Warren F. Beck
Research
Ultrafast Spectroscopy: Photosynthesis and Nanomaterials
(Research Description PDF)
The Beck group uses femtosecond two-dimensional electronic spectroscopy (2DES) to study photophysical and photochemical processes in photosynthesis and in nanomaterials. 2DES makes it possible to detect pathways of energy transfer and to determine the mechanisms that mediate them, including quantum coherence. Our aim is to determine the structural principles that can be used to design and optimize materials to capture solar energy for conversion to electricity or fuels.
In one project, we are investigating how carotenoids function in light harvesting and photoprotection mechanisms in photosynthesis. We have focused on the peridinin–chlorophyll a protein (PCP), a light-harvesting protein from marine dinoflagellates that incorporates a ketocarotenoid, peridinin, as its main light-absorbing chromophore. PCP represents an important example of a system in which the energy transfer function is optimized by the protein environment and by chemical modification of the active chromophore. Further, collective excitation of the peridinin–chlorophyll cluster of chromophores is essential to proper function. Energy absorbed in the mid-visible part of the solar spectrum by peridinin is transferred efficiently to chlorophyll a on the <10 fs timescale via a quantum coherent mechanism.
In a collaboration with Professor Cheryl Kerfeld (MSU–DOE PRL and LBNL), we are studying the photochemistry and structural dynamics associated with the photoactivation of the orange carotenoid protein (OCP) from cyanobacteria.

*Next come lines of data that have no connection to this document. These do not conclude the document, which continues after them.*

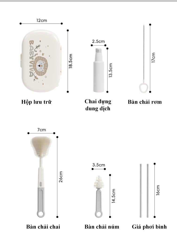| Tên sản phẩm | Bộ cọ rửa bình sữa kèm hộp đựng |
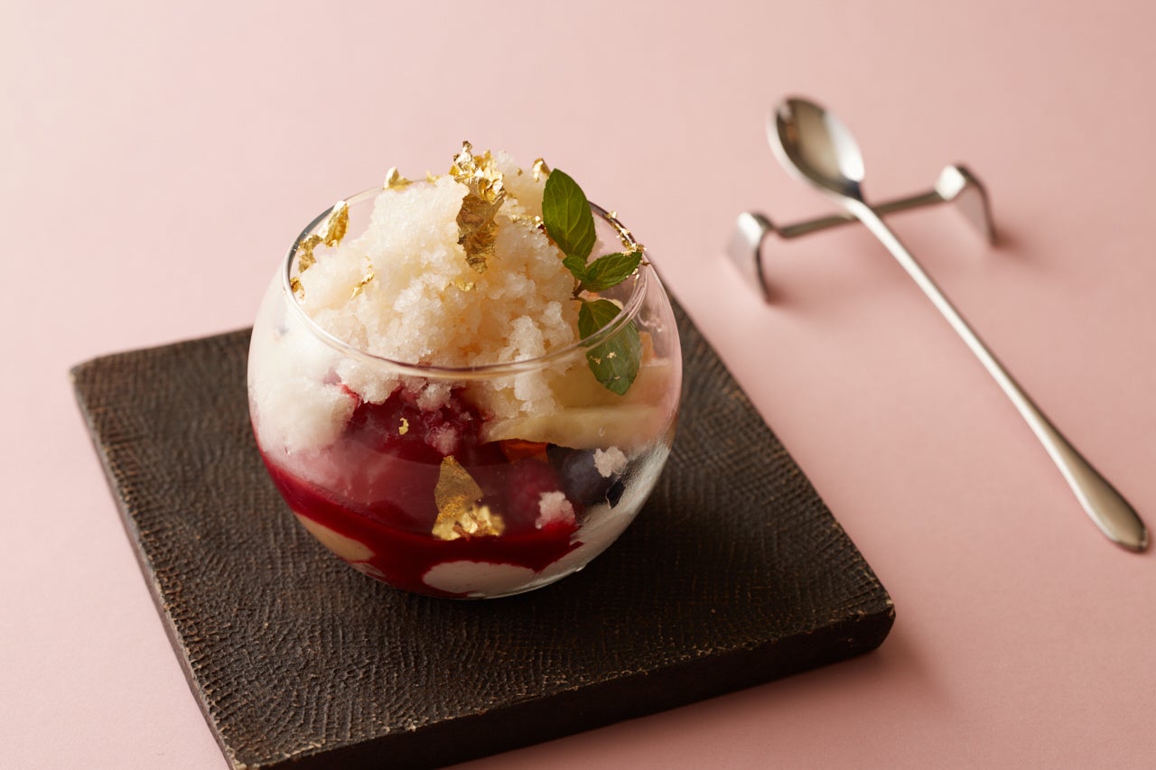 バーで楽しむ“締めパフェ”がかき氷仕様で登場。桃のカクテルをイメージした大人のデザート
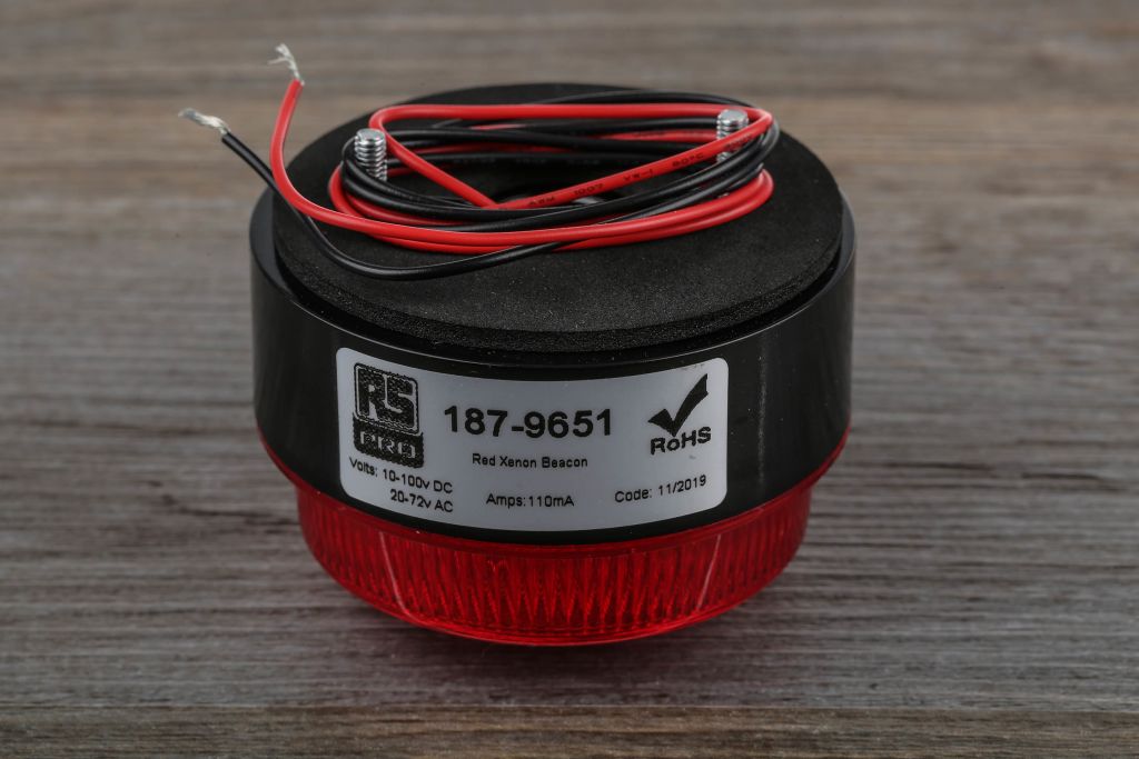 "RS PRO Red Xenon Beacon, 10 → 100 V dc, 20 → 72 V ac, Flashing, Stud Mount, Surface Mount" added to the basket
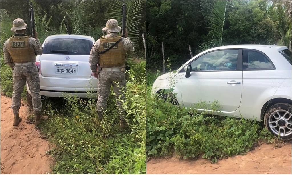 Conforme informações, os policiais estavam fazendo patrulhamento na PI 130, quando se depararam com o carro de modelo Fiat cult dual, cor branco, placa ODX 3644, estacionado as margens da PI.
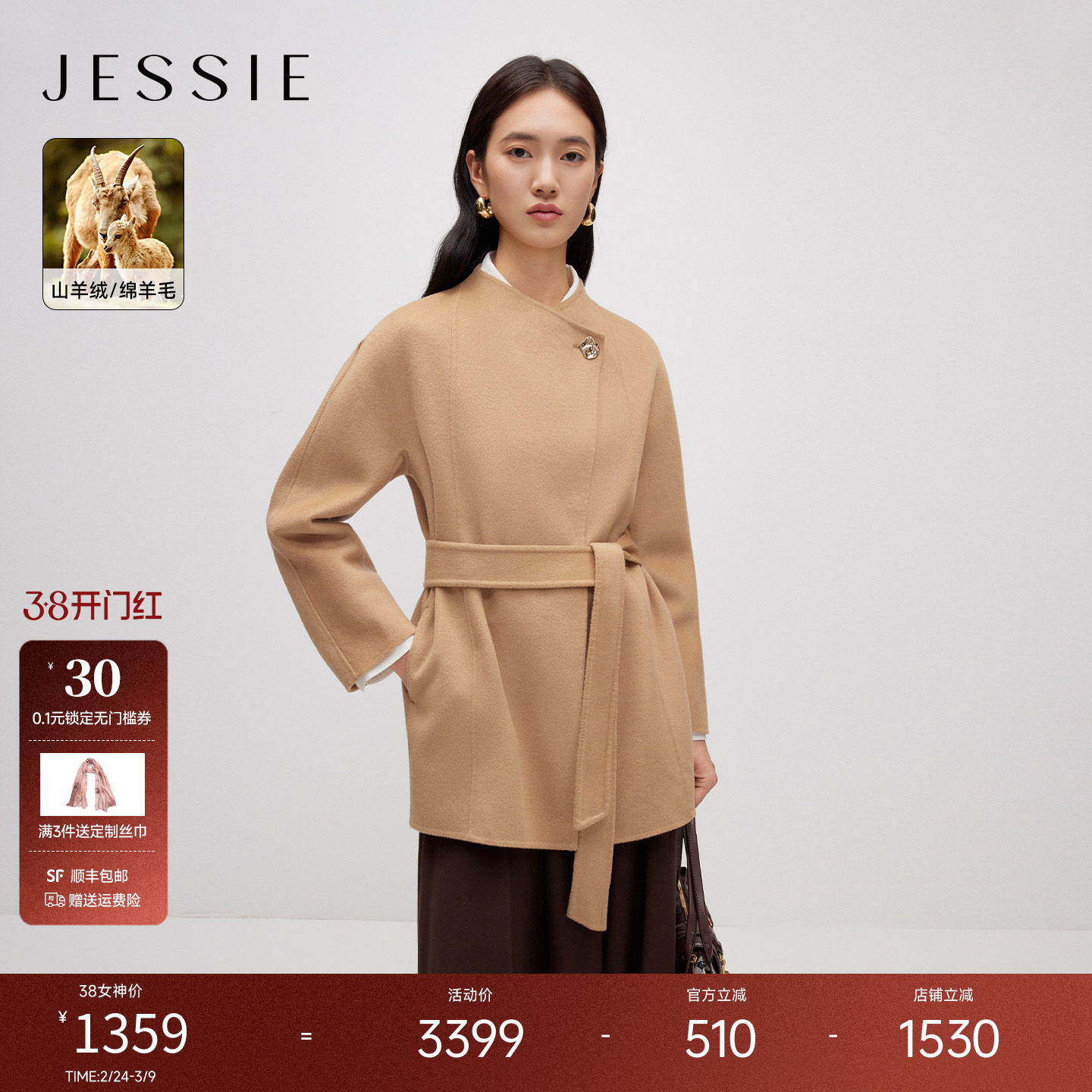 - 女士羊绒大衣
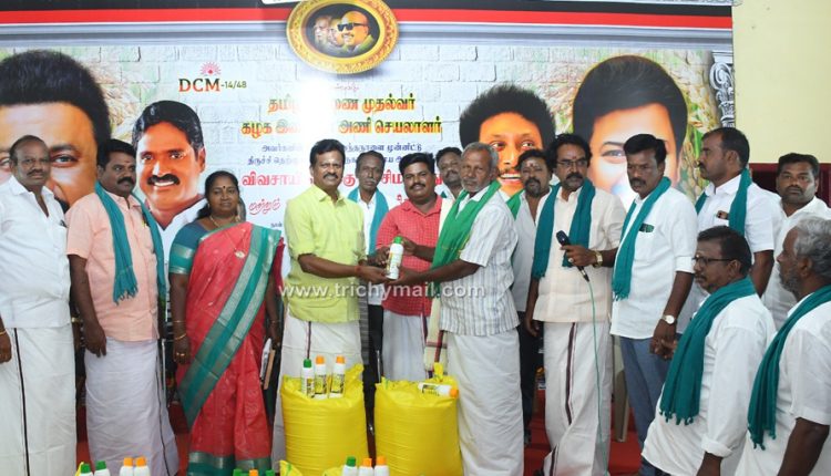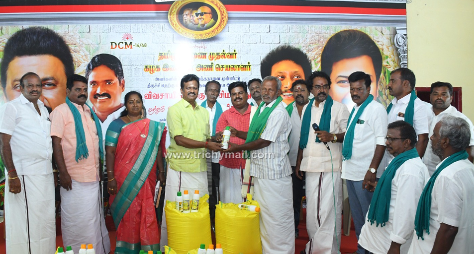 அதன் தொடர்ச்சியாக திருச்சி தெற்கு மாவட்ட செயலாளரும், அமைச்சருமான அன்பில் மகேஸ் பொய்யாமொழி வழிகாட்டுதலின் பேரில், திருச்சி தெற்கு மாவட்ட மாநகர விவசாய அணி சார்பாக கல்லுக்குழி பகுதியில் அமைந்துள்ள சமுதாய கூடத்தில் விவசாயிகளுக்கு பூச்சி மருந்து மற்றும் உரம் வழங்கும் நிகழ்வு நடைபெற்றது.
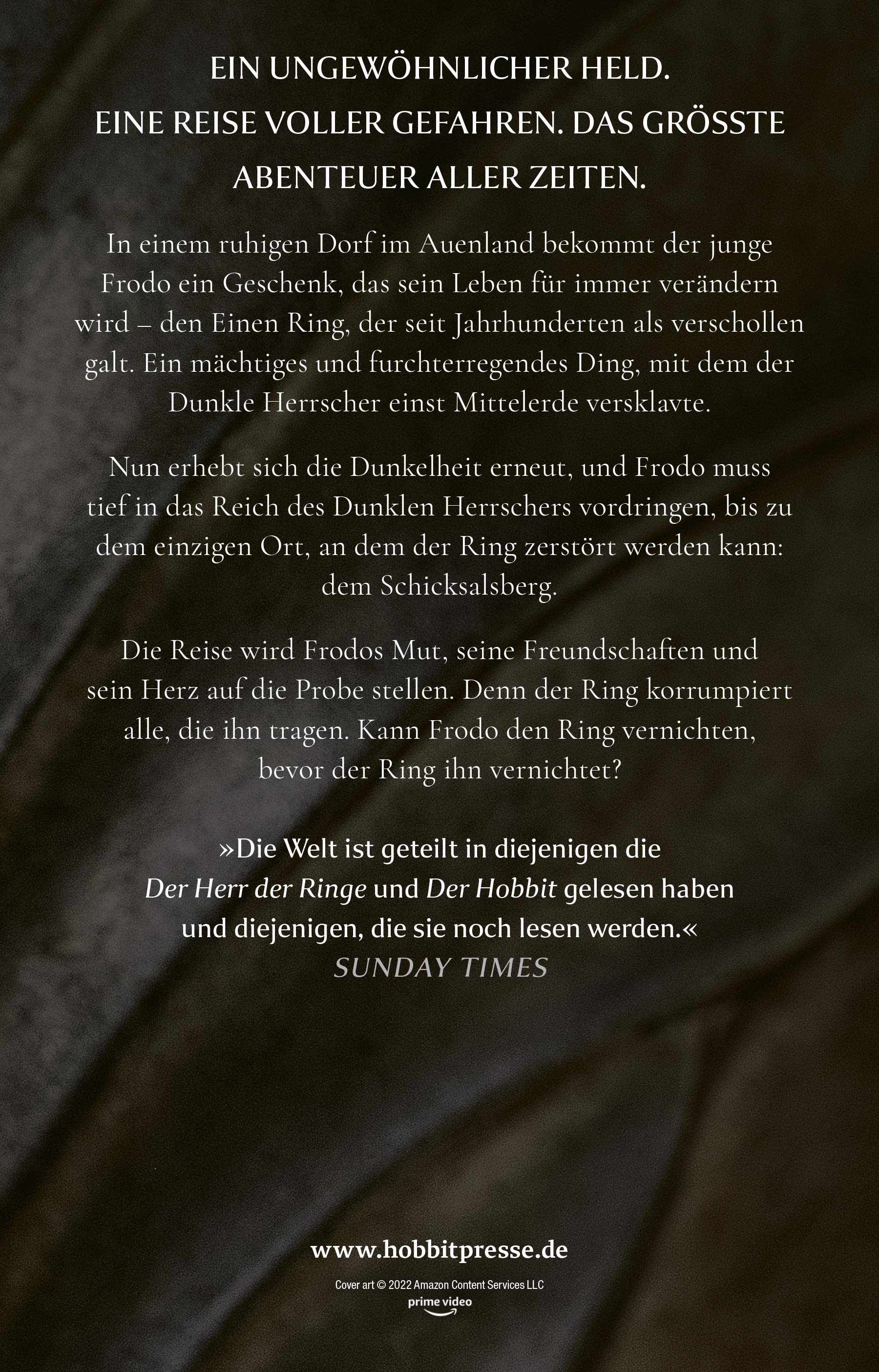 Der Eine Ring wurde Sauron im Lauf der Zeit genommen und so sehr er ihn auch in ganz Mittelerde suchte, er blieb dennoch für ihn verloren. Zeitalter später fällt der Ring in die Hände des Hobbits Bilbo Beutlin, der ihn an seinen Neffen Frodo weitergibt ... und so beginnt das größte und gefährlichste Abenteuer der Fantasyliteratur.
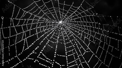 © stylub, Fototapeta premium Intricate spider web with dew drops glistening.
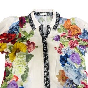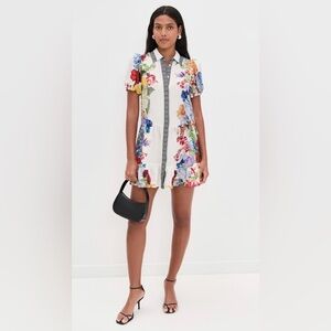 Alice + Olivia Claire Placed Floral Tiered Mini Shirtdress
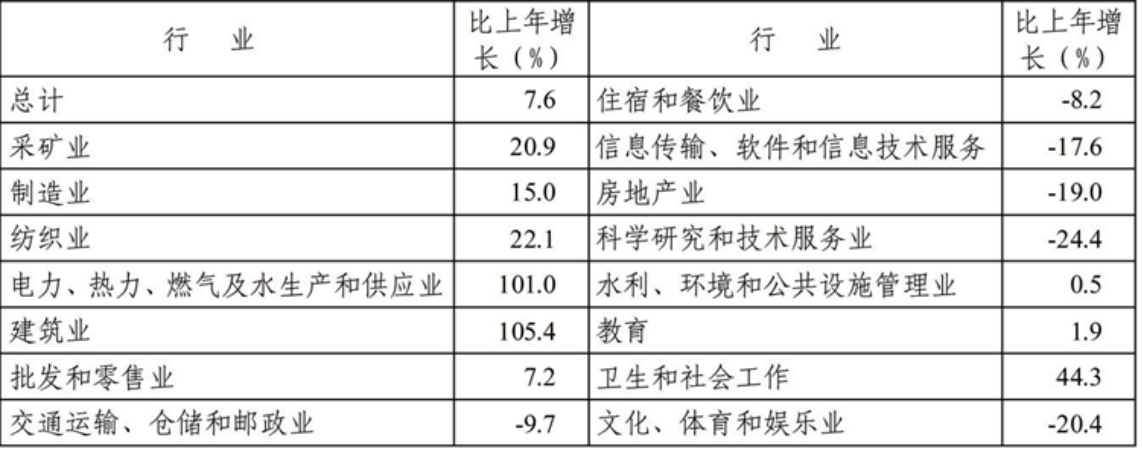 全年規(guī)模以上十個主要行業(yè)“8升2降”,石油和天然氣開采業(yè)增加值比上年增長5.8%,電力、熱力生產(chǎn)和供應(yīng)業(yè)增長8.7%,石油、煤炭及其他燃料加工業(yè)增長6.8%,化學(xué)原料和化學(xué)制品制造業(yè)增長3.1%,煤炭開采和洗選業(yè)增長30.9%,有色金屬冶煉和壓延加工業(yè)增長7.8%,非金屬礦物制品業(yè)增長11.1%,開采專業(yè)及輔助性活動增長1.0%,黑色金屬冶煉和壓延加工業(yè)下降8.8%,紡織業(yè)下降15.1%。
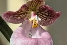 兜兰是兰科兜兰属的多年生草本植物。根茎粗状,直径3~4毫米,有很多须根;叶基生,叶片肉质增厚,排成紧密2列,叶片呈长圆形,表面有极短柔毛;总状花序,粉白色,花葶直立或倾斜,深绿色或褐色,花瓣大,呈唇形,…全部>>
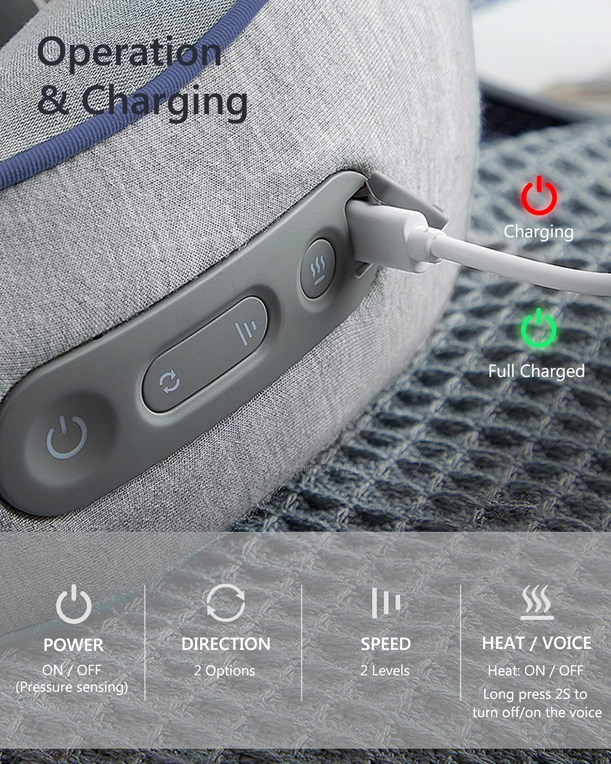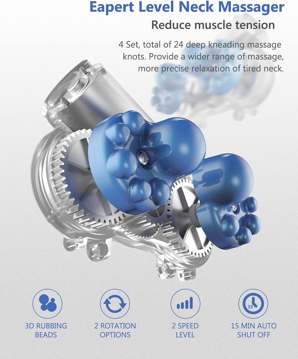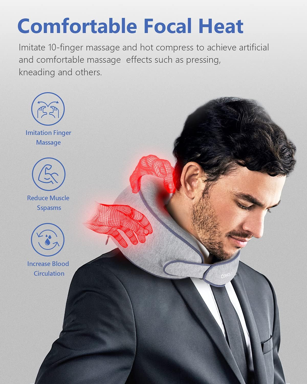 CONQUECO Shiatsu Neck Massager: Neck and Back Massager with Heat - Electric Rechargeable Cordless Cushion Soft 3D Kneading Beads for Pain Relief Cervical Relax, Gift, Home, Office
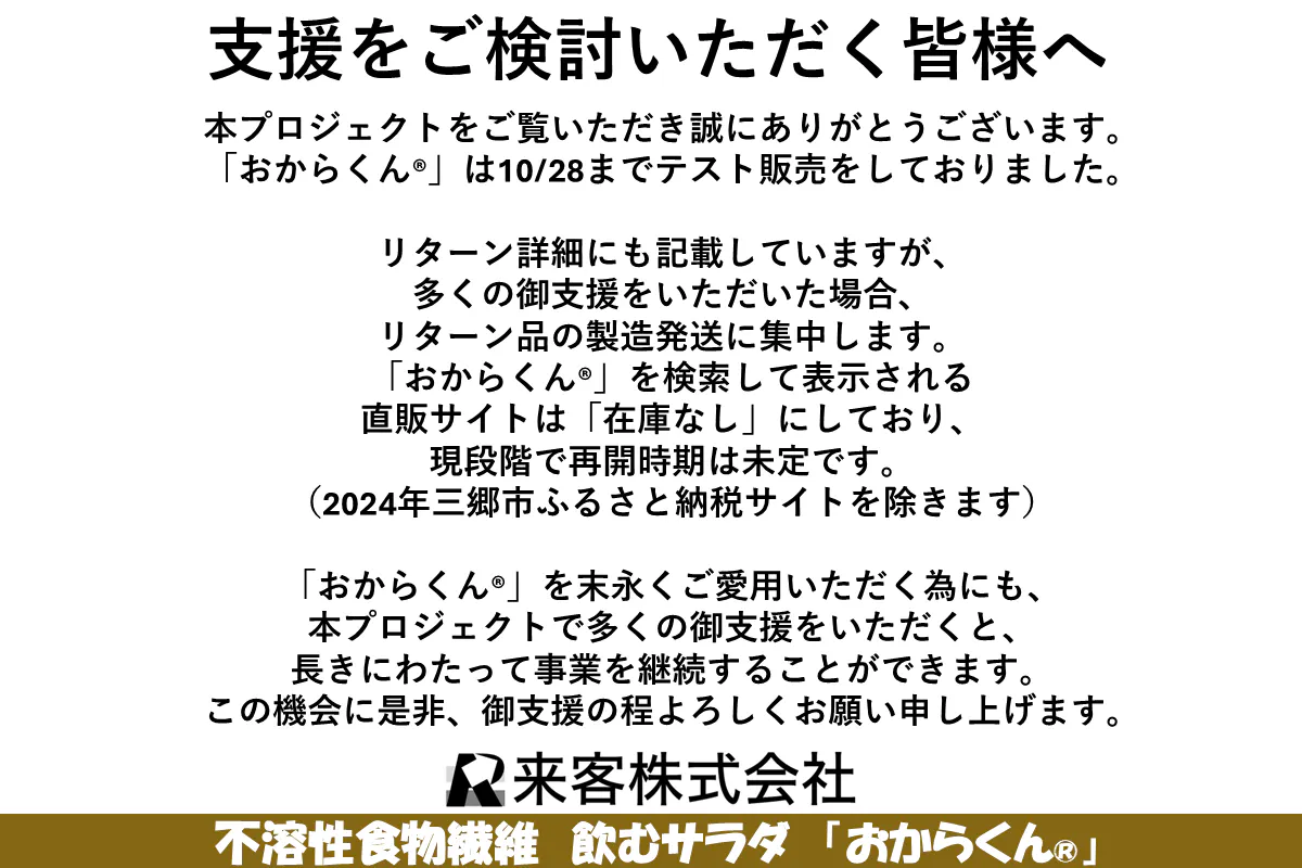 本プロジェクトで皆様から多大な御支援を頂いた暁には、ドラッグストア・コンビニ等の小売店で気軽に「おからくん®」が買えるようになります。その為の第一歩を踏み出すためにも、ご協力をいただけると幸いです。

OCP uses another ketocarotenoid, 3'-hydroxyechinenone (3hECN), as a light sensor and as a quencher of excited states in the cyanobacterial phycobilisome. We are also interested in the mechanism with which OCP serves as a quencher of singlet oxygen, a reactive oxygen species that is produced as a byproduct in photosynthesis by recombination of charge-separated states in the photosystem II reaction center. Here the ability of OCP to stabilize low-lying triplet states of 3hECN is likely to be very important.
Lastly, we are using 2DES as an important new probe of photoexcited states in semiconductor quantum dots. Our initial focus is on vibronic excitons and coherent energy transfer processes. By tuning the mixing of the vibrational modes of surface capping ligands with the core electronic states of the quantum dot, we can control the quantum yield and lifetime of charge-separated states. This work will find important applications in photovoltaic cells and light-emitting devices.